The beginning at Mimir’s well
Below the roots of Yggdrasil, the giant tree of life that grew through all of the cosmos, in the spot where the sky and ocean met was a secret well. Here for centuries and centuries, the giant Mimir had sat keeping guard over his hidden well, in the bottom of which lay such a treasure of wisdom as was to be found nowhere else in the world.
Every morning Mimir dipped his glittering horn Giöll into the fountain and drew out a draught of the wondrous water, which he drank to make him wise. Every day he grew wiser and wiser; and as this had been going on ever since the beginning of time, you can scarcely imagine how wise Mimir was.

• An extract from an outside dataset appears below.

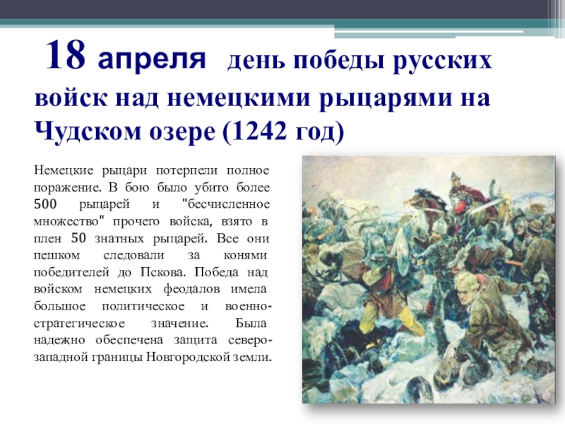 Немецкие рыцари потерпели полное поражение. В бою было убито более 500 рыцарей и "бесчисленное множество" прочего войска, взято в плен 50 знатных рыцарей. Все они пешком следовали за конями победителей до Пскова. Победа над войском немецких феодалов имела большое политическое и военно-стратегическое значение. Была надежно обеспечена защита северо-западной границы Новгородской земли.

Now it did not seem right to All-Father Odin that a giant should have all this wisdom to himself; for the giants were the enemies of the Aesir, and the wisdom which they had been hoarding for ages before the gods were made was generally used for evil purposes. Moreover, Odin longed and longed to become the wisest being in the world. So he resolved to win a draught from Mimir’s well, in any way that he could.
One night, when the sun had set behind the mountains of Midgard, Odin put on his broad-brimmed hat and his striped cloak, and taking his staff in hand, he trudged down the long Bifrost bridge to where it ended by Mimir’s secret cave.
“Good day, Mimir,” said Odin, entering; “I have come for a drink from your well.”
In Mimir’s cave
The giant was sitting with his knees drawn up to his chin, his long white beard falling over his folded arms, and his head nodding; for Mimir was very old, and he often fell asleep while watching over his precious spring. He woke up with a frown at Odin’s words. “You want a drink from my well, do you?” he growled. “Hey! I let no one drink from my well.”
“Nevertheless, you must let me have a draught from your glittering horn,” insisted Odin, “and I will pay you for it.”
“Oh, you will pay me for it, will you?” echoed Mimir, eyeing his visitor keenly. For now that he was wide awake, his wisdom taught him that this was no ordinary stranger. “What will you pay for a drink from my well, and why do you want it so much?”
“I can see with my eyes all that goes on in heaven and upon earth,” said Odin, “but I cannot see into the depths of the ocean. I lack the hidden wisdom of the deep, the wisdom that lies at the bottom of your fountain. My ravens tell me many secrets; but then I would know all. And as for payment, ask what you will, and I will pledge anything in return for the draught of wisdom.”
A deal with the devil
Then Mimir’s keen glance grew keener. “You are Odin, of the race of gods,” he cried. “We giants are centuries older than you, and our wisdom which we have treasured during these ages when we were the only creatures in all space, is a precious thing. If I grant you a draught from my well, you will become as one of us, a wise and dangerous enemy. It is a goodly price, Odin, which I shall demand for a boon so great.”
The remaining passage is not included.